My respect for the Frankfurt School rested largely on its insightful critique of positivism, which was the dominant philosophical fad in
American universities and social theory (so-called “sociology”) in the
1940s and 1950s, and on its various insights into Hegelian philosophy.
Today, these valuable contributions are far outweighed by the ease with
which the Frankfurt School’s work has fostered postmodern views in the
United States and Germany and by the extent to which its products,
especially Adorno’s writings, have become academic commodities.
[101] Nor does a verbal paradox that contrasts seemingly related but opposing
ideas, or colorful expressions of alterity, constitute a dialectic in the sense
in which I have discussed it here, however much it seems to resemble formulations in Hegel and the best of Marx. Adorno’s provocative endeavors of this kind often turn out to be little more than that — provocations.
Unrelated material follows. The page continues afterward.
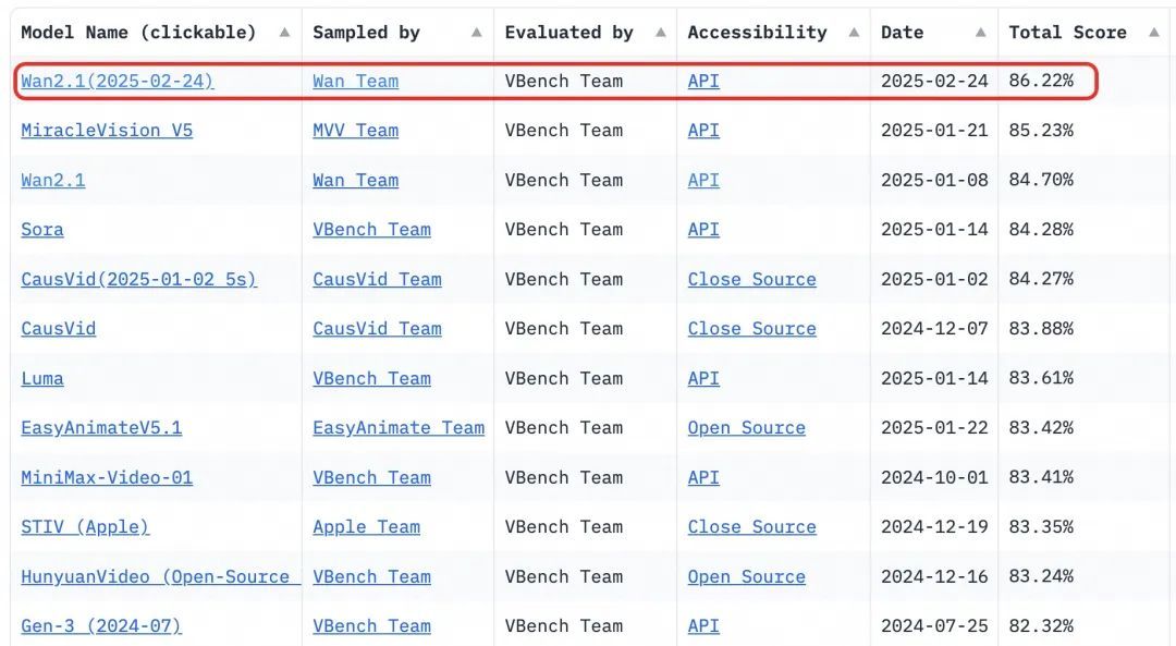 据阿里云官方介绍,14B版本万相模型在指令遵循、复杂运动生成、物理建模、文字视频生成等方面表现突出,在权威评测集Vbench中,万相2.1以总分86.22%大幅超越Sora(OpenAI旗下)、Luma、Pika等国内外模型,稳居榜首位置。
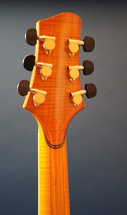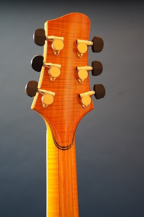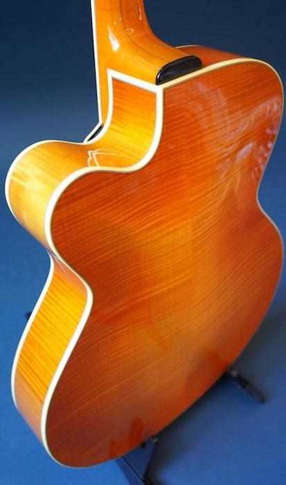 削り出しのカーブ、サイド&バックの美しいトラ杢、仕上げや作りなど、Tom Ribbeckeによる関数うは伊達ではないほどの美しさ。国内生産としては群を抜くクオリティです。

[102] Presented by the IKD’s Auslands Kommitee (Committee Abroad), this
huge document long predated *Socialisme ou Barbarie*. The ideas that it ad
vanced, however, are moot today. Extrapolating Hitler’s seeming war
aims of the early 1940s — to reduce industrialized Western European
countries to mere satellites of German capital and to agrarianize and
depopulate the East — to the world at large, this theory of imperialism
(and barbarism) argued that deindustrialization would be exported to
undeveloped countries, and not, as old Marxist theories of imperialism
had assumed in the prewar period, capital.
[103] Nor did we, by the late 1940s, regard the workers’ movement — indeed,
“workers’ councils” or “workers’ control of industry” — as revolutionary,
especially with the sequelae of the great strike movements of the late
1940s, which directly affected my own life as a worker.
[104] The notion of an “instinct for freedom,” touted by many radical theorists,
is a sheer oxymoron. The compelling, indeed necessitarian character of
instinct makes it the very antithesis of freedom, whose liberating dimensions are grounded in choice and self-consciousness.